● Brief: Exactly the lines below, starting with the one containing "W porannej odprawie" and going on through the one containing "Dancing Skeleton With", must be reproduced, both ends included, and no pictures with them.

● Records to use:
==========

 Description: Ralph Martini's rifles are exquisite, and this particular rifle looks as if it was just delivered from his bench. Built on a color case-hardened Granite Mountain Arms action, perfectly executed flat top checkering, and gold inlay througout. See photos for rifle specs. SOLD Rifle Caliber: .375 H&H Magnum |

==========

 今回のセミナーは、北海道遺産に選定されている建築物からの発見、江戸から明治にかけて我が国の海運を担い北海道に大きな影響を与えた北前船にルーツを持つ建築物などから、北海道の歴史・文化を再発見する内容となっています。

==========

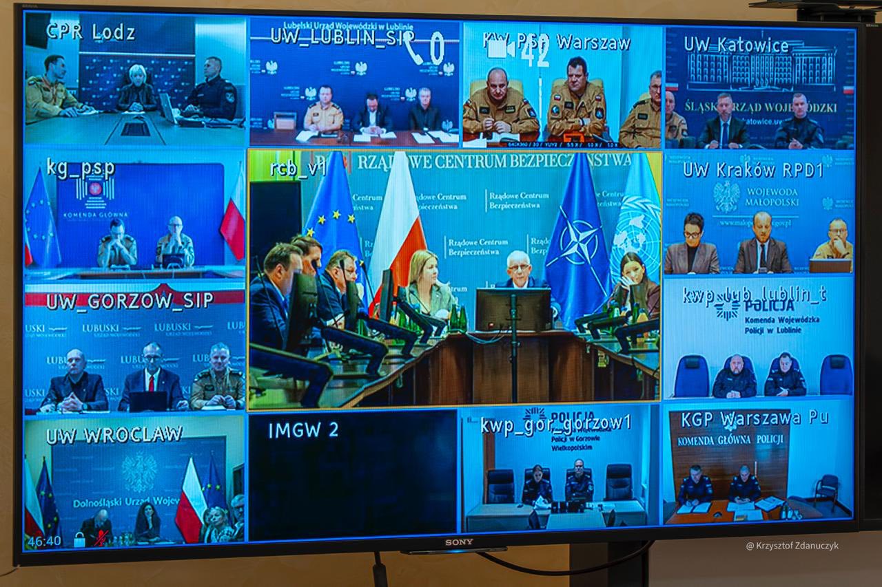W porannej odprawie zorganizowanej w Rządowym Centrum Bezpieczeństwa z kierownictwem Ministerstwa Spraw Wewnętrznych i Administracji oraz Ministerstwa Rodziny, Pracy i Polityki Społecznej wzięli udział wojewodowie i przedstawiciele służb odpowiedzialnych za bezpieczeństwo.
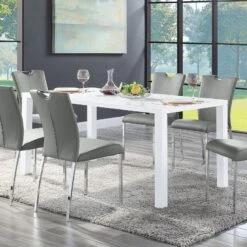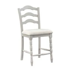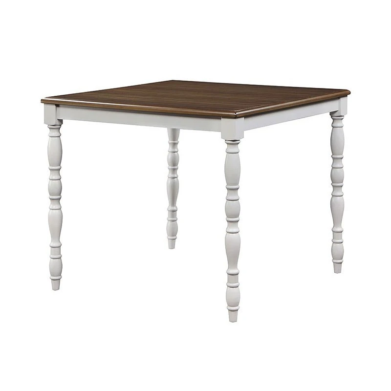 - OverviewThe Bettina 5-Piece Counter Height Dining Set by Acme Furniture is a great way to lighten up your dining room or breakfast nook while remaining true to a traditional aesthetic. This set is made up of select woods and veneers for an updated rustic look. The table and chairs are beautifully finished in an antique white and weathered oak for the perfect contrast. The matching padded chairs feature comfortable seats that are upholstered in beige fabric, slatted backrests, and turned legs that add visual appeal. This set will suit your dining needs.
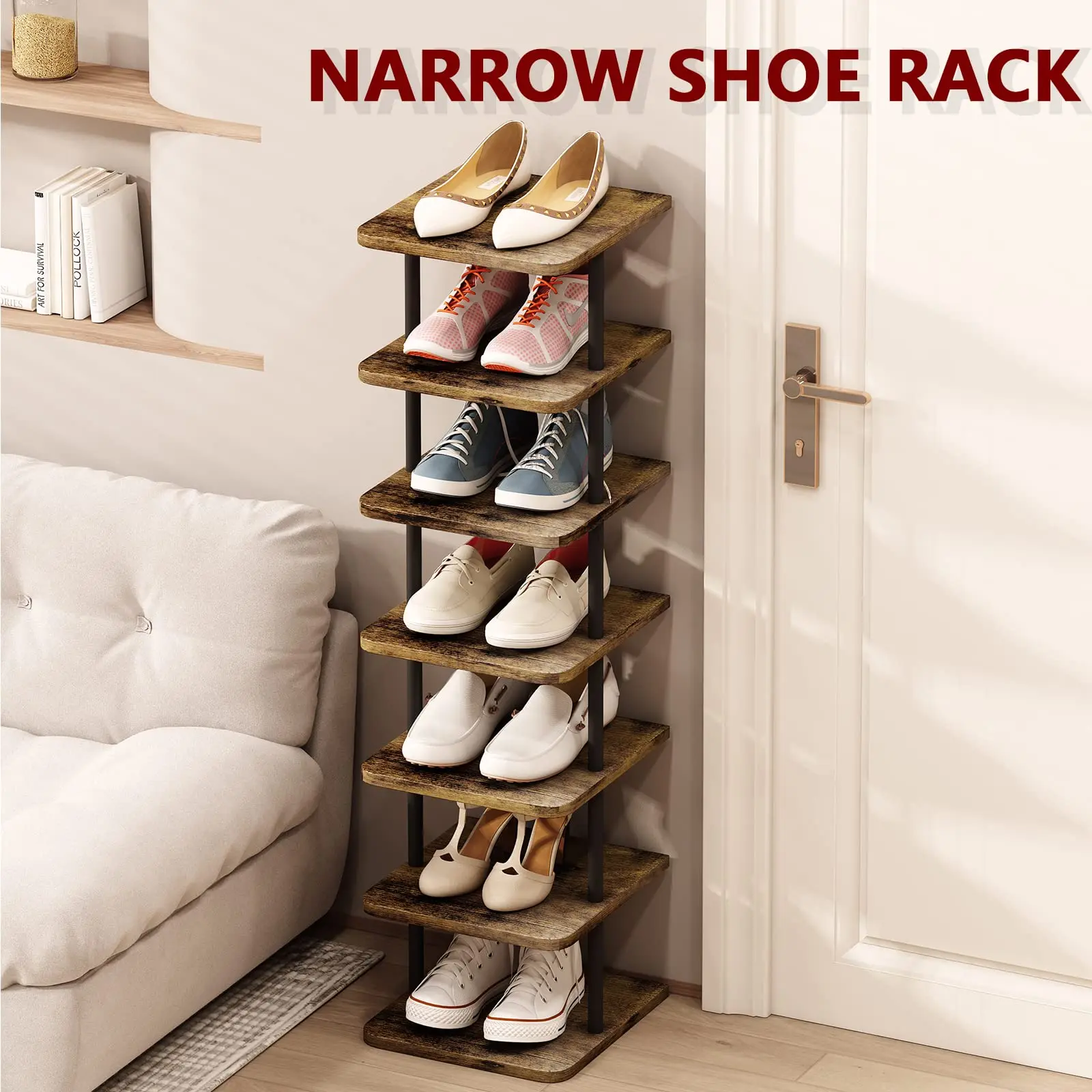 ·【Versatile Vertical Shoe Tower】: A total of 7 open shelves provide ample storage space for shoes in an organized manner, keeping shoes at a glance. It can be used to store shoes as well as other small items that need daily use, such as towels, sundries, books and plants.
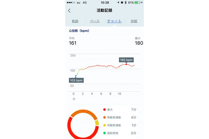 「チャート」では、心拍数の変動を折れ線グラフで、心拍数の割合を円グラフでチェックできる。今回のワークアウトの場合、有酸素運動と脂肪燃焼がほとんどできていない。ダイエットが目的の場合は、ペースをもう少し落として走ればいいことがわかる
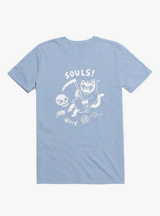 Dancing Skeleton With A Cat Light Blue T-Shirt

==========

● Exercise output:
W porannej odprawie zorganizowanej w Rządowym Centrum Bezpieczeństwa z kierownictwem Ministerstwa Spraw Wewnętrznych i Administracji oraz Ministerstwa Rodziny, Pracy i Polityki Społecznej wzięli udział wojewodowie i przedstawiciele służb odpowiedzialnych za bezpieczeństwo.
 - OverviewThe Bettina 5-Piece Counter Height Dining Set by Acme Furniture is a great way to lighten up your dining room or breakfast nook while remaining true to a traditional aesthetic. This set is made up of select woods and veneers for an updated rustic look. The table and chairs are beautifully finished in an antique white and weathered oak for the perfect contrast. The matching padded chairs feature comfortable seats that are upholstered in beige fabric, slatted backrests, and turned legs that add visual appeal. This set will suit your dining needs.
 ·【Versatile Vertical Shoe Tower】: A total of 7 open shelves provide ample storage space for shoes in an organized manner, keeping shoes at a glance. It can be used to store shoes as well as other small items that need daily use, such as towels, sundries, books and plants.
 「チャート」では、心拍数の変動を折れ線グラフで、心拍数の割合を円グラフでチェックできる。今回のワークアウトの場合、有酸素運動と脂肪燃焼がほとんどできていない。ダイエットが目的の場合は、ペースをもう少し落として走ればいいことがわかる
 Dancing Skeleton With A Cat Light Blue T-Shirt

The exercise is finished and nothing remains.